# Using Chebyshev's inequality to detect accumulated precipitation data anomalies.
The basic idea is to gather accumulated precip data from stations near each other. Under the assumption that, stations near each other will produce similar data to each other, we can treat the accumulated precip data as a random variable with some distribution that is unknown to us. Then we can use Chebyshev's Inequality or the Markov inequality to get and upper bound for the probability that a certain data point belongs to this distribution.

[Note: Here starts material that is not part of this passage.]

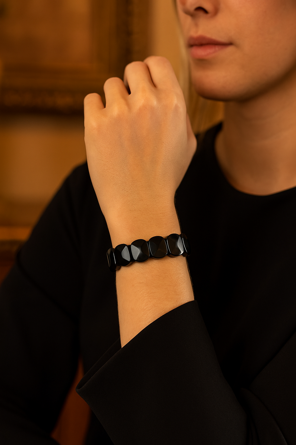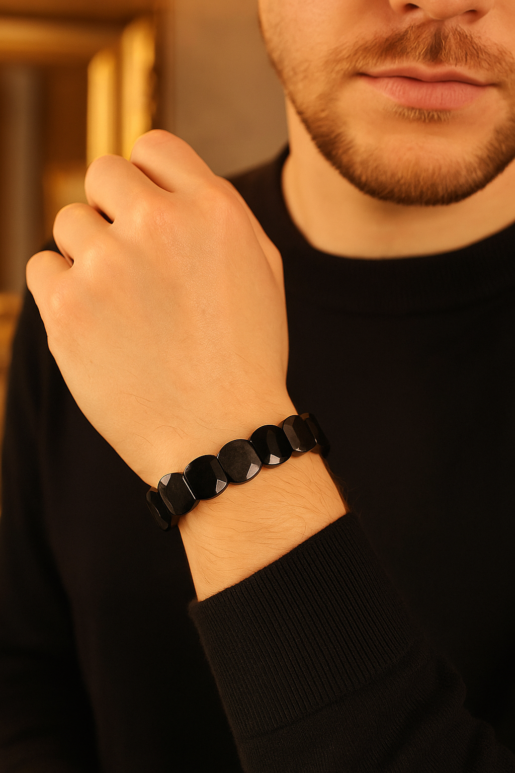 Modern tarzlara güçlü bir doğal detay kazandıran bu bileklik, hem günlük hem özel anlarda kendini belli eden bir şıklık sunar. Her bir taş, obsidyenin doğal parlaklığı ve karakteristik yapısıyla benzersizdir.

All we need for this is the *sample mean* and *sample variance* of our local distribution which is simple to compute.

I will break this down into steps:
1. Given a station that we think is an anomaly or not find all of its neighbors in a reasonable radius (More on choosing the radius later)
+ Compute the mean and variance of the stations neighbors excluding the station itself (More on this as well).
+ Compute the Chebyshev Inequality and obtain an upper bound for the probability of such a point.
+ Gather results based on their bound and interpret the results.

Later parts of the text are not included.